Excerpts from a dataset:
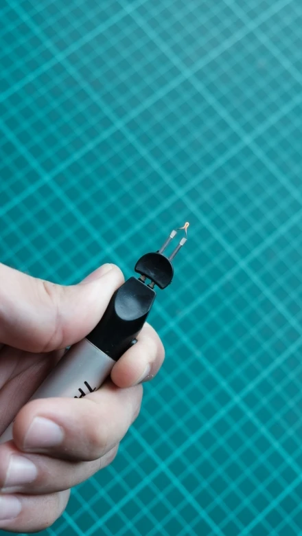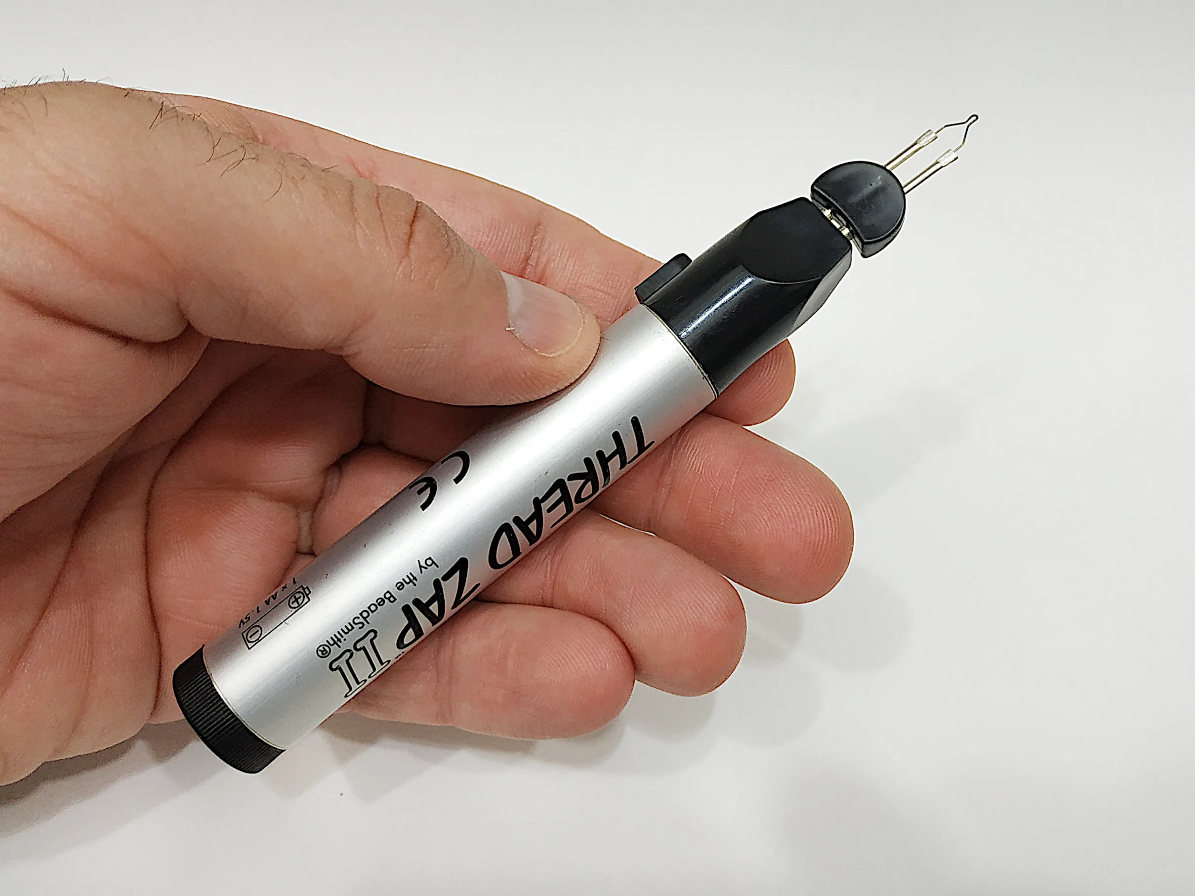У меня были некоторые проблемы с получением его для работы из-за плохого электрического контакта. Это очень простой механизм без электронных компонентов. Аккумулятор AA 1,5 В вставляется в алюминиевый корпус, и это положительный полюс соприкасается с более длинной ножкой наконечника внутри камеры. Отрицательный полюс батареи нажимается/подключается пружиной с металлическим кольцом, который контактирует с металлическим корпусом через маленькое металлическое лезвие. Маленькая кнопка рядом с наконечником закрывает контакт между корпусом и другой ногой наконечника внутри камеры. Таким образом, маленькая нить становится достаточно горячей, чтобы расплавить полимерную нить. Убедитесь, что положительный полюс батареи соприкасается с более длинной ножкой внутри камеры и затяните заднюю крышку, чтобы убедиться, что контакт закрыт. В общем, он маленький и хорошо работает, когда он правильно собран. Но он очень хрупкий.
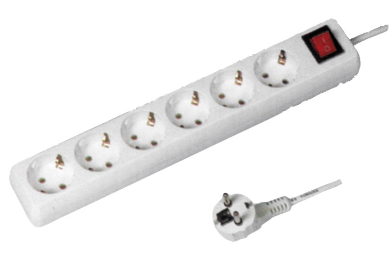 - Πολύμπριζο σούκο 6 θέσεων με διακόπτη, 3G1.5mm, λευκό
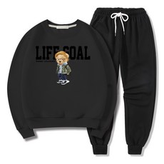 일루소 남녀공용 소프트 기모 라이프고울 맨투맨 조거 트레이닝복 상하의 세트
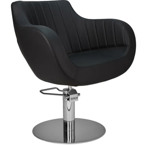 THOMAS is one of our bestsellers, loved for its bold shape, generous seat, and wide armrests. Its ergonomic construction delivers outstanding comfort for both clients and stylists. This is a chair that combines modern form with long-term durability. Available also with elegant vertical stitching that gives it a lighter, more refined look Black upholstery
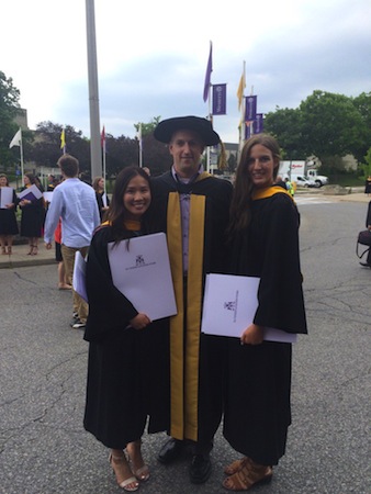 Jen and Taylor go from undergraduates to graduates at the other end of the stage (missing Josh), all three off to grad school in the fall! PJR is loving his outfit.
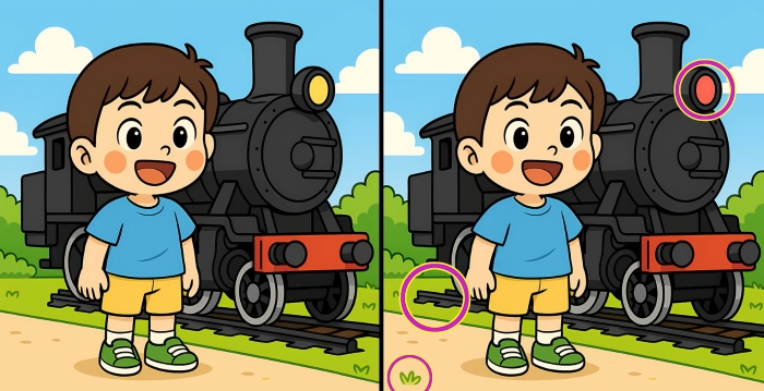 Allora, siete pronti per la prossima sfida? Osservate attentamente le due immagini del ragazzo in piedi accanto al treno a vapore. A prima vista possono sembrare identiche, ma ci sono 3 piccole differenze. Pensate di riuscire a trovarle tutte in 29 secondi? Provate e mettete alla prova la vostra acutezza visiva!
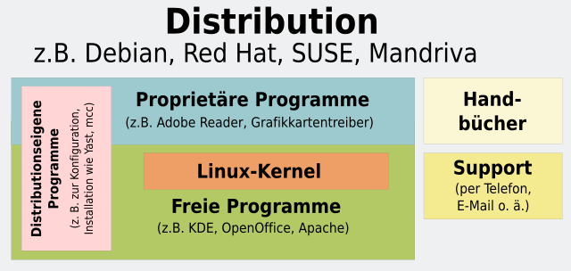 Linux-Distributionen bestehen aus mehreren wesentlichen Komponenten:
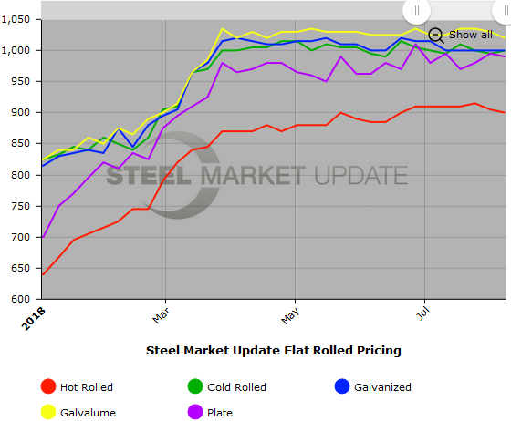 SMU Note: Below is a graphic showing our hot rolled, cold rolled, galvanized, Galvalume and plate price history. This data is available here on our website with our interactive pricing tool. Note that plate prices are not yet available on our website, but we are in the process of adding that dataset. If you need help navigating the website or need to know your login information, contact us at info@SteelMarketUpdate.com or 800-432-3475.
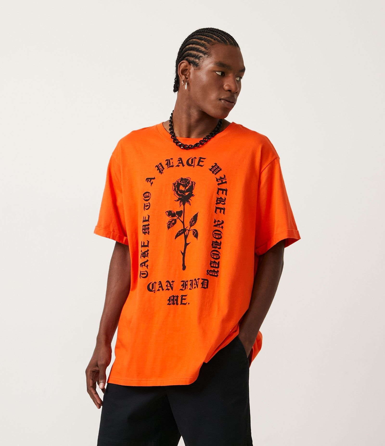 Maglietta a maniche corte in cotone con stampa arancione "Take Me" in rosa
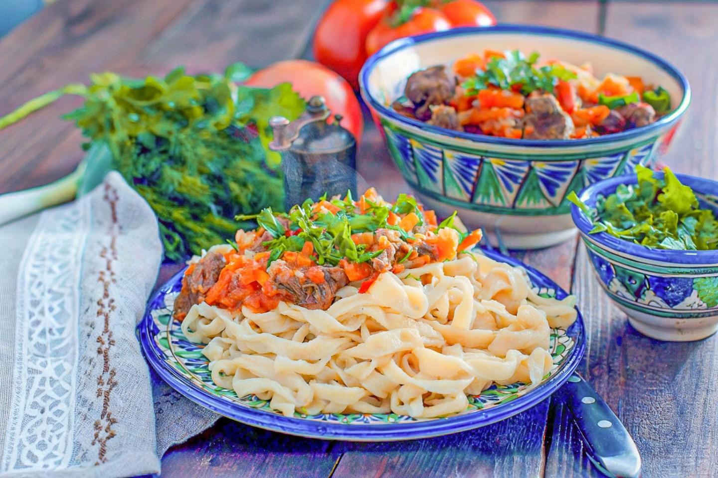 В Синьцзян-Уйгурском автономном районе Китая существует соревнование по приготовлению лапши для лагмана. Мастер за одну минуту должен вытянуть из одного куска теста 100 метров лапши! Рекорд — 256 метров. В нашем рецепте таких подвигов не требуется, но знайте: ваша лапша, нарезанная ножом, — это та же традиция, просто домашняя и уютная. Кстати, в Турции похожую лапшу называют «эриште» и подают с йогуртом и мятой.
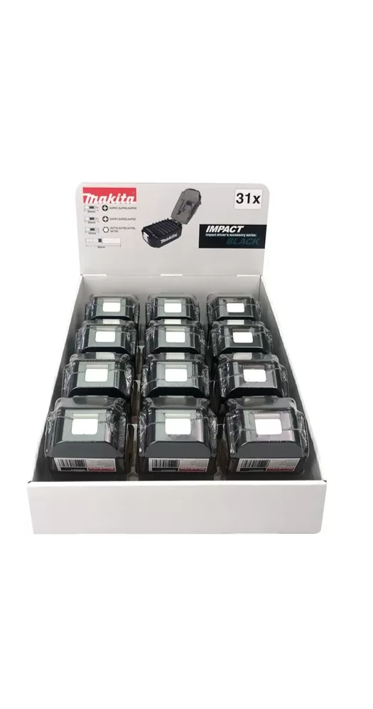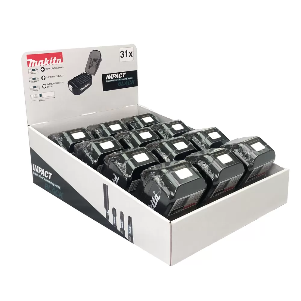 Sada 12 ks sad ve tvaru baterie. Každá sada obsahuje 30 ks bitů Impact Black o délce 25 mm - PH1 (2 ks), PH2(5 ks), PH3 (2 ks), PZ1 (2 ks), PZ2 (5 ks), PZ3 (2 ks), T15 (3 ks), T20 (3 ks), T25 (3 ks), T30 (3 ks) a držák bitů 60 mm. 12 ks sad v balení.
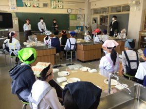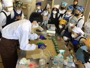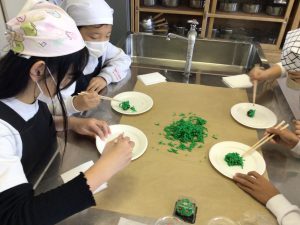 総合的な学習の時間に長森校区を主題にして探求の学びを進めている5年生は、緑水庵の和菓子職人さんをお招きして日本の伝統のよさについてお話をお聞きし,和菓子づくりを実際に体験しました。
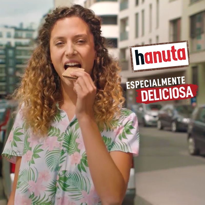 Delicie-se com Hanuta – o novo snack criado pela Ferrero, com toda sua especialidade na arte de fazer seus produtos. Hanuta combina dois waffers crocantes, recheados com um delicioso creme de cacau e pedacinhos de avelãs especialmente selecionadas. Hanuta, especialmente deliciosa. *Imagens meramente ilustrativas*
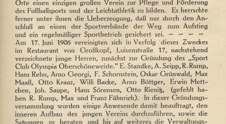 将时间从拨回到1906年,柏林市郊的奥伯施奈维德(现位于柏林特雷普托-克佩尼克区)路易森特拉斯(Luisenstrasse)街区,精英FC的一些球员的帮助上,奥林匹亚FC成立了。虽然没过多久这家俱乐部就解散了,但这家俱乐部之后会是奥伯施奈维德联合的重要组成部分。而之后,该地区再次分裂出第三家俱乐部,便是利希滕伯格SC。
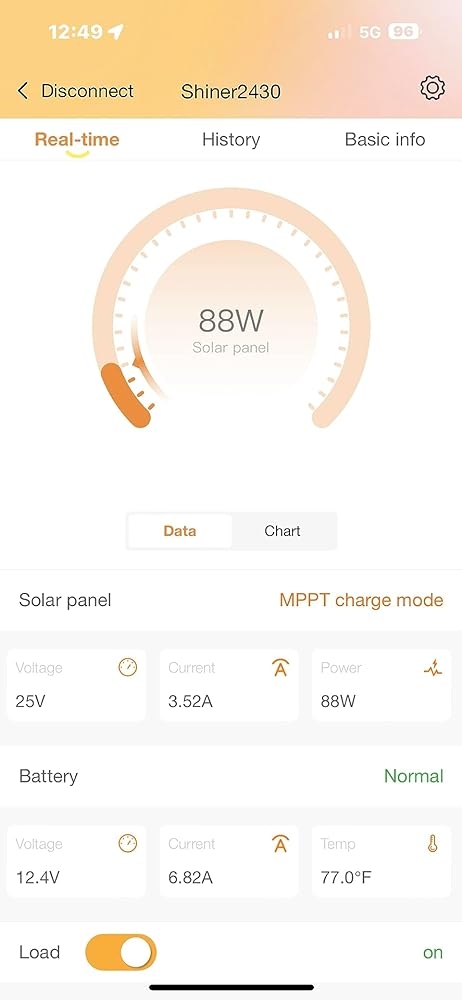 This works way better than the RENOGY junk. only complaint I have is the app they want you to download is in Chinese and English on the screen. I found a better app that works much better. I believe itโs the original manufactures of this controller. The app is in the iOS store under SRNE . Iโm using the 100 watt CIGS panel icon the roof of my ford maverick to keep the battery charged when my strobes are running as the maverick hybrid has o tiny 45AH battery for the 12 volt stuff under the back seat. I just mounted the controller next to the battery. I also use the load output to run all my extra lights and strobes so I can watch the current draw. It will run 20 amps out on the load. It may even have a voltage shut off too to monitor the battery. Havenโt played with that setting as I already have a battery monitor to shut down if it gets too low. The CIGS panel was mounted with 3M tape and itโs stayed on thru multiple car washes. Doesnโt seem to matter on angle . Itโs sending over 6 amps of current on a normal day
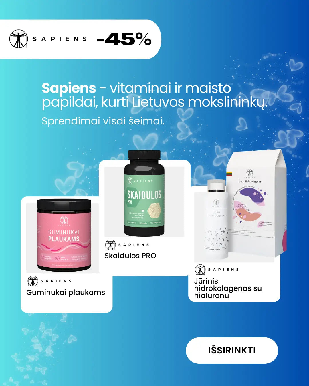 Vandenyno išmintis Jums! Kiekvienas iš mūsų norime būti gražūs, turėti lygią odą, žvilgančius plaukus, tvirtus nagus, sveikus sąnarius ir kaulus. SAPIENS Jūrinis kolagenas pagamintas pagal unikalią formulę, kurioje rasite net 10 g jūrinio kolageno, 50 mg hialurono rūgšties, 200 μg biotino bei didelį kiekį vitaminų ir natūralių ekstraktų. Itin malonaus juodųjų serbentų skonio!
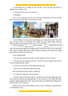 Câu 2: Những di sản văn hóa ở quê hương em ? (Khu di tích đền Trần, Phủ
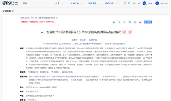 近日,商务贸易学院朱正浩教授与北京师范大学经济与工商管理学院戚聿东教授、江苏第二师范学院商学院赵志栋博士合作完成的论文《人工智能时代中国经济学自主知识体系建构的目标与路径刍议》刊发于经管学科顶刊《中国工业经济》2025年第8期。这是世界杯合作论文首次在该刊发文。
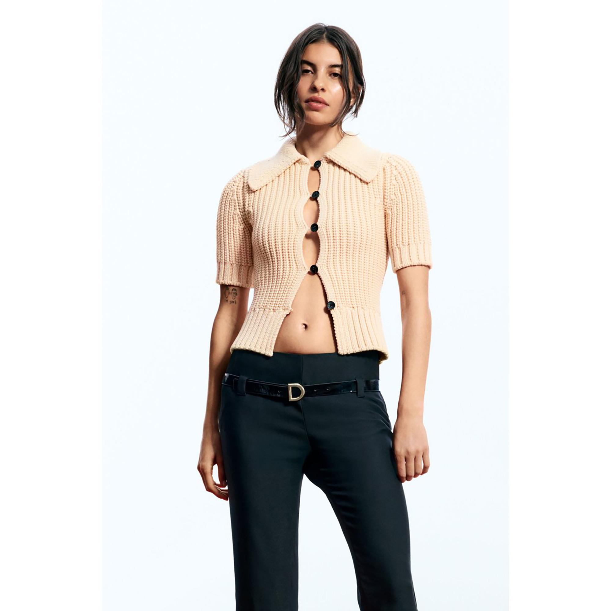 Ce pull court à manches courtes en maille côtelée est doté d'un col classique et d'une fermeture boutonnée, offrant un ajout polyvalent et élégant à toute garde-robe. La texture côtelée assure un ajustement confortable et une touche de sophistication.
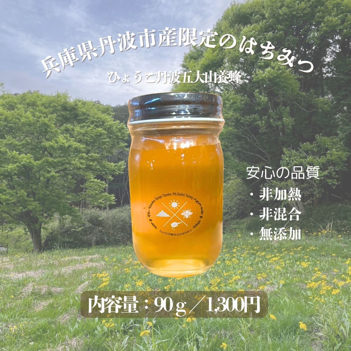 商品名 はちみつ90g/ひょうご丹波五大山養蜂/非加熱、非混合、無添加の丹波市産限定ハチミツ【産直】
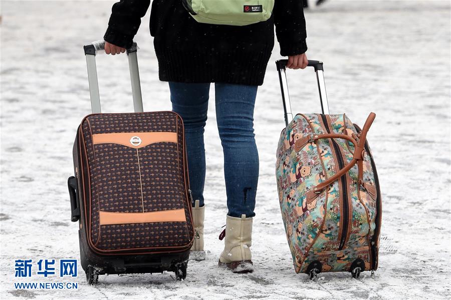 1月30日,一位旅客带着行李在郑州火车站进站口准备进站乘车。当日,河南大部分地区普降小雪,气温降低,在郑州火车站站前广场,旅客们冒着小雪进站乘车。 新华社记者 李博 摄
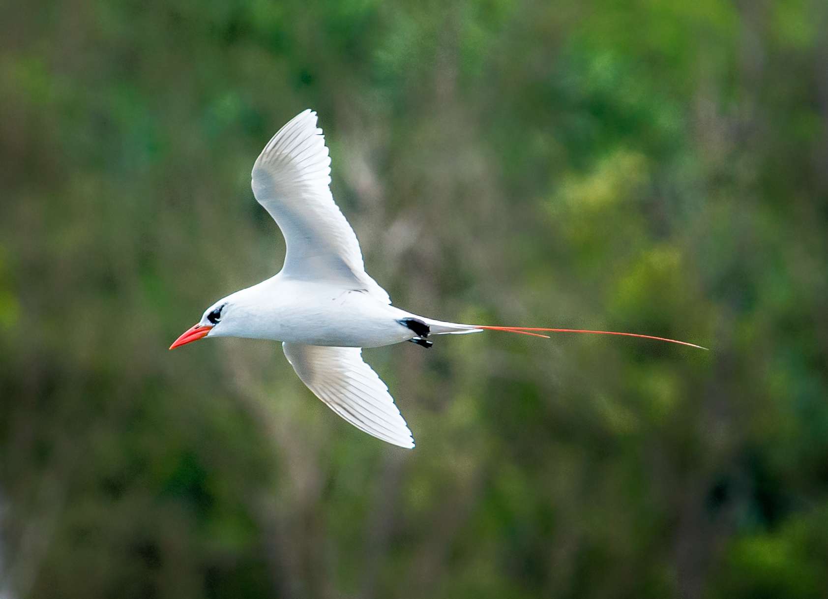 In this shot, I caught a red-tailed tropicbird on a rapid fly-by:
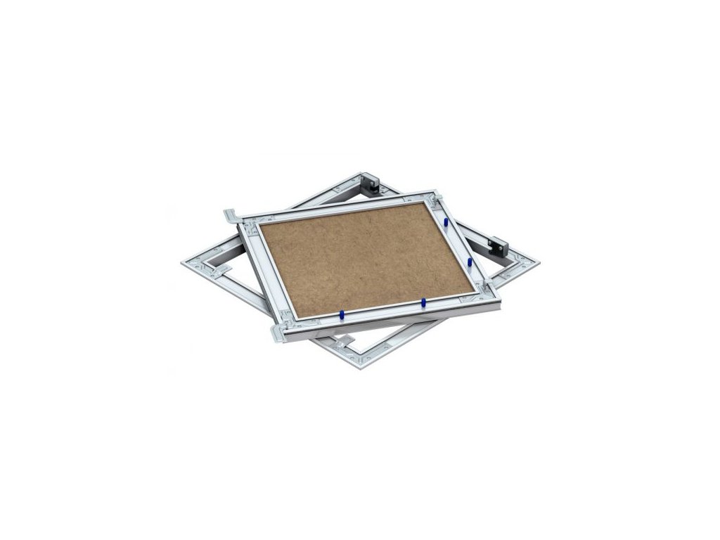 Hlavní nosná konstrukce dvířek a rám jsou vyrobeny z hliníkového profilu osazené sádrokartonovou deskou (GKBi - zelená) o síle 12,5 mm upevněnou do vnitřního rámu pomocí samovrtných šroubů. Dvířka jsou vyráběná ze speciálních hliníkových profilů, které jsou lisováním spojené do venkovního a vnitřního rámu pomocí výztužných pozinkovaných rohů. Kompletní sestava není spojena pomocí pevného pantu a umožňuje tak vyjmutí křídla dvířek v případě potřeby. Součástí vnitřního rámu je kartáčkové těsnění, které zabraňuje profukování prachu ze šachty do místnosti. Dvířka byla zkoušena na vzduchovou průvzdušnost v kategorii 2 podle normy ČSN EN 1026.

TASK DIRECTIONS: Among the entries above, copy exactly the stretch from the line holding "Allora, siete pronti" through the line holding "Maglietta a maniche", leaving out any pictures.

ANSWER BELOW:
 Allora, siete pronti per la prossima sfida? Osservate attentamente le due immagini del ragazzo in piedi accanto al treno a vapore. A prima vista possono sembrare identiche, ma ci sono 3 piccole differenze. Pensate di riuscire a trovarle tutte in 29 secondi? Provate e mettete alla prova la vostra acutezza visiva!
 Linux-Distributionen bestehen aus mehreren wesentlichen Komponenten:
 SMU Note: Below is a graphic showing our hot rolled, cold rolled, galvanized, Galvalume and plate price history. This data is available here on our website with our interactive pricing tool. Note that plate prices are not yet available on our website, but we are in the process of adding that dataset. If you need help navigating the website or need to know your login information, contact us at info@SteelMarketUpdate.com or 800-432-3475.
 Maglietta a maniche corte in cotone con stampa arancione "Take Me" in rosa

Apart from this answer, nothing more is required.